LET THE HUNGER GAMES BEGIN
Having your second child with a toddler in the mix may have seemed like a good idea at the time – your brain construes this heartwarming image of your two children playing happily together, sharing toys and exchanging adorable smiles at one another.
Truth is, you have just welcomed The Hunger Games into your home.
Most daylight hours are spent ensuring that they don’t somehow kill one another, because the moment you turn your head, your toddler will most likely come up with the brilliant idea to leap off the couch and use the baby as a landing pad.
GET USED TO THAT MUFFIN TOP OF YOURS
It sure ain’t going nowhere.
The retention of unwanted weight after your second pregnancy is a bizarre phenomenon, considering that your postpartum diet consists of 12 cups of coffee, your toddler’s leftovers, and a mushed blueberry you found on the floor.
So, the question lingers – why the flipping hell do I still look 6 months pregnant?
Here’s my theory.
The female body is a clever thang, for it’s well aware that the probability of starving to death from looking after two children is so dangerously high, that we have now evolved into bears with the ability to put our bodies into hibernation.
Hence, why we have such hard time losing weight. I mean, your body’s probably stocked up on a few winter seasons worth of fats for survival purposes to make up for all the times coffee and wine become your meal replacements.
EXPOSING INTIMATE BODY PARTS WILL BE SECOND NATURE
Breastfeeding my first baby was an exercise carried out with great precaution.
Attempting to be as discreet as possible, I spent precious time carefully ensuring that no amount of boob was visible from any given angle. Preparing yourself to nurse a baby without exposing yourself is like diffusing a bomb.
Once your milk let-down is triggered and your other boob is erupting like an active volcano, all hell breaks loose. You frantically use your free hand to catch breastmilk and prevent it from spraying everywhere, while from a stranger’s perspective it looks like you’re fondling your boob.
It’s not what it looks like, I swear.
It’s a very delicate situation.
Come second baby and you’ve grown so used to people seeing your tits ‘n’ bits that you begin to wonder why you even wear clothes anymore.
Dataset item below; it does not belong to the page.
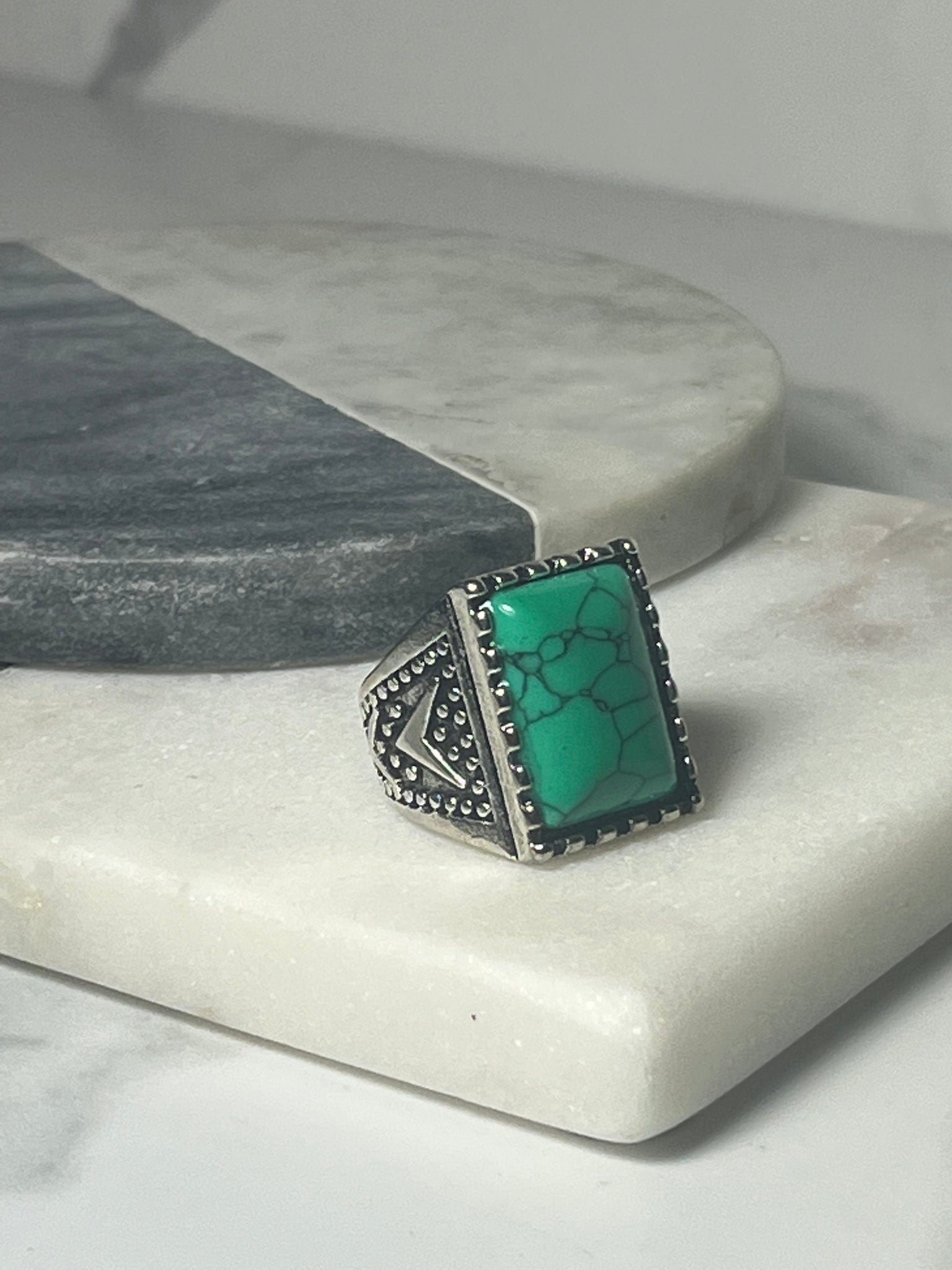 Handcrafted sterling silver with turquoise stone. Each stone is unique and may vary slightly from the photo.

You probably haven’t worn a bra and shirt since you left the hospital, but there’s no need. You’re ready to latch a baby on any time, anywhere because you are now the mother of all mothers. Come to me, babies. My nips are always ready and my supply steady.
I remember there were days where I didn’t even realise that I walked out of my bedroom with my bongos hanging out of my bra.
LEAVE THE HOUSE, YOU SAY?
As a Mum desperately trying to remain sane, you’re constantly on the lookout for activities for toddlers to undertake so you can take a breather, or a micronap.
Yes. Some of these activities will require you to leave the house.
I know.. fuck me, right?
Other than taking the entire morning trying to convince your 2-year old to put on his shoes, you’re also going to spend most of your time packing the nappy bag. It’s easier to prepare for an apocalypse than it is to leave the house with kids.
Of course, your now ‘independent’ toddler will insist on climbing into the car seat all on his own. Brilliant.
Two Christmases later, he finally manages to wriggle his way into the seat. You can literally feel yourself ageing in the process.
Oh, snap. You left the baby in the house. When you return home to retrieve bubba, you peer at the time and realise that it’s probably time to start cooking dinner.
After taking an entire day to pack and ready your kids for a trip outdoors, you realise it was the worst idea that you’ve ever come up with and resign yourself to spending the rest of your life within the four walls of your home.